• What the task asks: Reproduce the lines below exactly, from the one containing "中國晚熟柑橘商貿(mào)物" through the one containing "This magnetic pocket", both included. Leave out any pictures.

(Supplied data Opens)

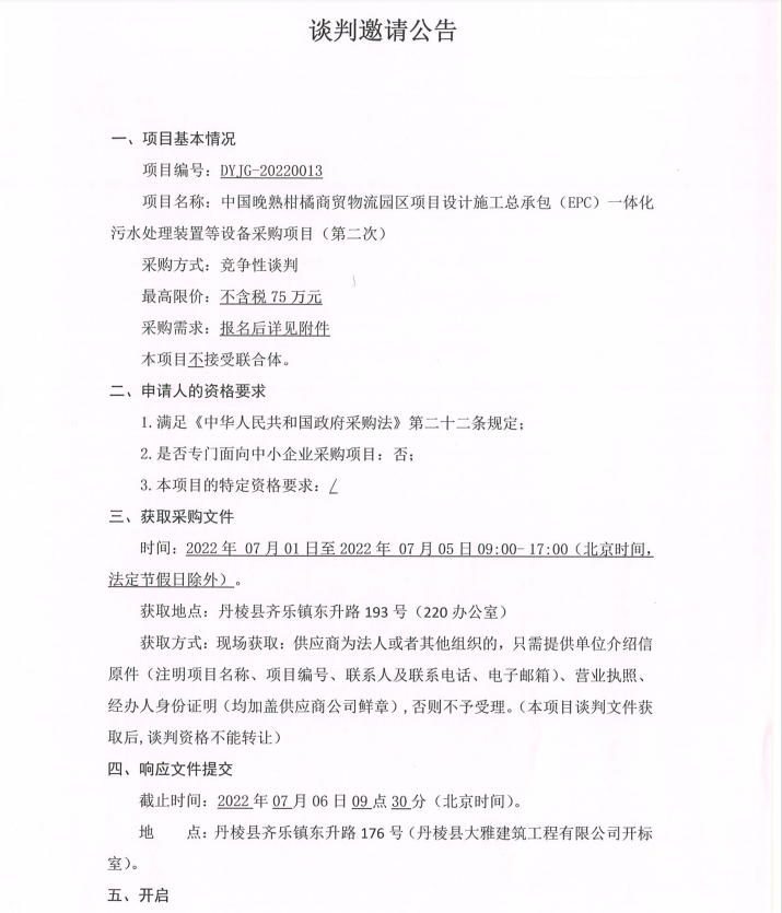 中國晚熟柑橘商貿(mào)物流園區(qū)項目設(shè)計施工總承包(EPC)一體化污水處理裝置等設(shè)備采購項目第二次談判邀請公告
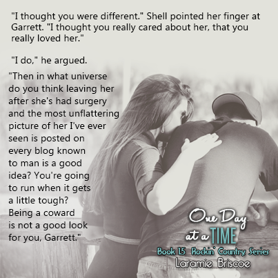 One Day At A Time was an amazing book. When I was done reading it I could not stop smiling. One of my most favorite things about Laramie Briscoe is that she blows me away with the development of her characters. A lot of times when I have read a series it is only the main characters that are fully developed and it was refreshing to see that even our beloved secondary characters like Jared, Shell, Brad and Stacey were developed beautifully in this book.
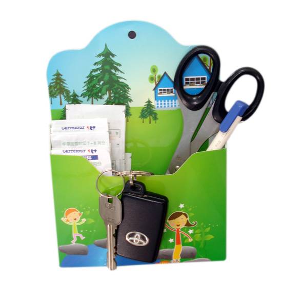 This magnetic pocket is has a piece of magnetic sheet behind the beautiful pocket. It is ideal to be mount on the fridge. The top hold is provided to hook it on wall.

(Supplied data Closes)
(Supplied data Opens)

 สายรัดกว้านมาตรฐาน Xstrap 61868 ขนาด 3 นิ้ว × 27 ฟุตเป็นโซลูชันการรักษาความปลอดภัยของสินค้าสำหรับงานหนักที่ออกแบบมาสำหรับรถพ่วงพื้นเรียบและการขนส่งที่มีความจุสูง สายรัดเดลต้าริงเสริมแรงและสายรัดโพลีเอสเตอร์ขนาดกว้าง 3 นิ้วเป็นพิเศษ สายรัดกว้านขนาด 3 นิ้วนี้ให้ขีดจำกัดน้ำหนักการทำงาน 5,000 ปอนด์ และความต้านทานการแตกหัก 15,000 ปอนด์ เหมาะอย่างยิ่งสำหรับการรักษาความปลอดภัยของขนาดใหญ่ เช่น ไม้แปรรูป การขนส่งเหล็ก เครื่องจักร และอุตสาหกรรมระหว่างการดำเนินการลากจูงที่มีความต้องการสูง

(Supplied data Closes)

• Answer for the task:
 中國晚熟柑橘商貿(mào)物流園區(qū)項目設(shè)計施工總承包(EPC)一體化污水處理裝置等設(shè)備采購項目第二次談判邀請公告
 One Day At A Time was an amazing book. When I was done reading it I could not stop smiling. One of my most favorite things about Laramie Briscoe is that she blows me away with the development of her characters. A lot of times when I have read a series it is only the main characters that are fully developed and it was refreshing to see that even our beloved secondary characters like Jared, Shell, Brad and Stacey were developed beautifully in this book.
 This magnetic pocket is has a piece of magnetic sheet behind the beautiful pocket. It is ideal to be mount on the fridge. The top hold is provided to hook it on wall.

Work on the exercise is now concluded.